Give back the entries verbatim.
*** Dataset ***
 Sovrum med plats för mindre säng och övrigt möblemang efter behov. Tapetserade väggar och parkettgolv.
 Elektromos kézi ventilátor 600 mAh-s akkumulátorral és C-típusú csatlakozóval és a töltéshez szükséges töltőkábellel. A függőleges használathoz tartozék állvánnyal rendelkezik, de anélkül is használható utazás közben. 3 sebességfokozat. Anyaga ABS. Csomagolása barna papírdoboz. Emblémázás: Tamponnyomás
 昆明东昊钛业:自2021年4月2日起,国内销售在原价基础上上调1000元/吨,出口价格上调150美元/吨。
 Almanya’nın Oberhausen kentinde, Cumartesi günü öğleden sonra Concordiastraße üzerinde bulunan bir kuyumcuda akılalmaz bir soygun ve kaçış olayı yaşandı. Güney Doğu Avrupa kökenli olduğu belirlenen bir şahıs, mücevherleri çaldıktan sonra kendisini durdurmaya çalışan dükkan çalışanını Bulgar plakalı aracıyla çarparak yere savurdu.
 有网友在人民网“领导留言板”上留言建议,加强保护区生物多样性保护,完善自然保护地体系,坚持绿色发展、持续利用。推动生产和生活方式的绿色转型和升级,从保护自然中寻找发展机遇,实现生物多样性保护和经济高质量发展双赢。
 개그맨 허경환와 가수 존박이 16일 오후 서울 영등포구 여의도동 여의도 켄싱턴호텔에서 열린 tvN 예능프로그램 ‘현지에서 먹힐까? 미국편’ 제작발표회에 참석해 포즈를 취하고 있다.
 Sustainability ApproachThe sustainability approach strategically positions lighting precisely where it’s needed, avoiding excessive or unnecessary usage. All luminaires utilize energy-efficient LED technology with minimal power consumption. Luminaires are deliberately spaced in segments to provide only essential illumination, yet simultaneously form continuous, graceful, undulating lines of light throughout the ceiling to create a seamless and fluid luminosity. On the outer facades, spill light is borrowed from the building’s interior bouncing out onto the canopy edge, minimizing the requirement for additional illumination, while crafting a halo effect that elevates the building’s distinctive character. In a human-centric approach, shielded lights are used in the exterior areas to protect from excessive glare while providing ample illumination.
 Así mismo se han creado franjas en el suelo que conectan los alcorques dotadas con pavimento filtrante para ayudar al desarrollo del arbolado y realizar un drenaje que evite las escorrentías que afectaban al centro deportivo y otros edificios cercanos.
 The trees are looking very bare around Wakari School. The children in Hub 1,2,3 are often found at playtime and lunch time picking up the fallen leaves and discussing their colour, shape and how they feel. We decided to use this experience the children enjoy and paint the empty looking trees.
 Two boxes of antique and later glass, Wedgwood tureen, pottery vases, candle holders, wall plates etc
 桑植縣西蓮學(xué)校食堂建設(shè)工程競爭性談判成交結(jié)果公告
*** End of Dataset ***
Output:
 Sovrum med plats för mindre säng och övrigt möblemang efter behov. Tapetserade väggar och parkettgolv.
 Elektromos kézi ventilátor 600 mAh-s akkumulátorral és C-típusú csatlakozóval és a töltéshez szükséges töltőkábellel. A függőleges használathoz tartozék állvánnyal rendelkezik, de anélkül is használható utazás közben. 3 sebességfokozat. Anyaga ABS. Csomagolása barna papírdoboz. Emblémázás: Tamponnyomás
 昆明东昊钛业:自2021年4月2日起,国内销售在原价基础上上调1000元/吨,出口价格上调150美元/吨。
 Almanya’nın Oberhausen kentinde, Cumartesi günü öğleden sonra Concordiastraße üzerinde bulunan bir kuyumcuda akılalmaz bir soygun ve kaçış olayı yaşandı. Güney Doğu Avrupa kökenli olduğu belirlenen bir şahıs, mücevherleri çaldıktan sonra kendisini durdurmaya çalışan dükkan çalışanını Bulgar plakalı aracıyla çarparak yere savurdu.
 有网友在人民网“领导留言板”上留言建议,加强保护区生物多样性保护,完善自然保护地体系,坚持绿色发展、持续利用。推动生产和生活方式的绿色转型和升级,从保护自然中寻找发展机遇,实现生物多样性保护和经济高质量发展双赢。
 개그맨 허경환와 가수 존박이 16일 오후 서울 영등포구 여의도동 여의도 켄싱턴호텔에서 열린 tvN 예능프로그램 ‘현지에서 먹힐까? 미국편’ 제작발표회에 참석해 포즈를 취하고 있다.
 Sustainability ApproachThe sustainability approach strategically positions lighting precisely where it’s needed, avoiding excessive or unnecessary usage. All luminaires utilize energy-efficient LED technology with minimal power consumption. Luminaires are deliberately spaced in segments to provide only essential illumination, yet simultaneously form continuous, graceful, undulating lines of light throughout the ceiling to create a seamless and fluid luminosity. On the outer facades, spill light is borrowed from the building’s interior bouncing out onto the canopy edge, minimizing the requirement for additional illumination, while crafting a halo effect that elevates the building’s distinctive character. In a human-centric approach, shielded lights are used in the exterior areas to protect from excessive glare while providing ample illumination.
 Así mismo se han creado franjas en el suelo que conectan los alcorques dotadas con pavimento filtrante para ayudar al desarrollo del arbolado y realizar un drenaje que evite las escorrentías que afectaban al centro deportivo y otros edificios cercanos.
 The trees are looking very bare around Wakari School. The children in Hub 1,2,3 are often found at playtime and lunch time picking up the fallen leaves and discussing their colour, shape and how they feel. We decided to use this experience the children enjoy and paint the empty looking trees.
 Two boxes of antique and later glass, Wedgwood tureen, pottery vases, candle holders, wall plates etc
 桑植縣西蓮學(xué)校食堂建設(shè)工程競爭性談判成交結(jié)果公告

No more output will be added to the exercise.